#### [ABOUT THIS EXERCISE]
In the listing that follows, retype every line from the first through the one containing "Vale a pena". Pictures are to be left out.

#### [GIVEN MATERIAL]
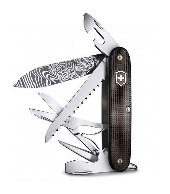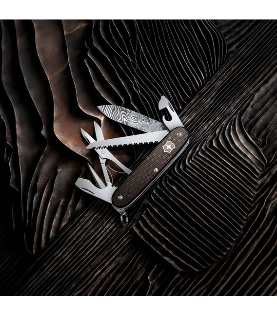 Лімітований складаний ніж Victorinox FARMER X Damast 93мм / 10 функцій / коричневі рифлені накладки / кернер / пилка по дереву / лезо з дамаської сталі (Lim.Ed. 2024) 0.8271.J24 (Швейцарія) Гарантія: довічна
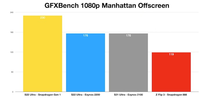 Vale a pena notar que execuções de teste individuais podem não mostrar a imagem completa, pois o desempenho gráfico móvel depende bastante das capacidades de dissipação de calor dos dispositivos em teste. É relatado que o desempenho do Snapdragon 8 Gen 1 pode diminuir visivelmente após várias execuções devido a frequências mais baixas causadas pelo calor excessivo do chip.
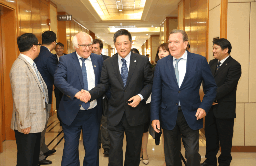 会上,德国前总理、海瑞克监事会副主席格哈德•施罗德与隧道股份党委书记、董事长张焰互赠礼物,为双方未来更深层次、更广泛的合作增进友谊!

#### [THE COMPLETED TASK]
 Лімітований складаний ніж Victorinox FARMER X Damast 93мм / 10 функцій / коричневі рифлені накладки / кернер / пилка по дереву / лезо з дамаської сталі (Lim.Ed. 2024) 0.8271.J24 (Швейцарія) Гарантія: довічна
 Vale a pena notar que execuções de teste individuais podem não mostrar a imagem completa, pois o desempenho gráfico móvel depende bastante das capacidades de dissipação de calor dos dispositivos em teste. É relatado que o desempenho do Snapdragon 8 Gen 1 pode diminuir visivelmente após várias execuções devido a frequências mais baixas causadas pelo calor excessivo do chip.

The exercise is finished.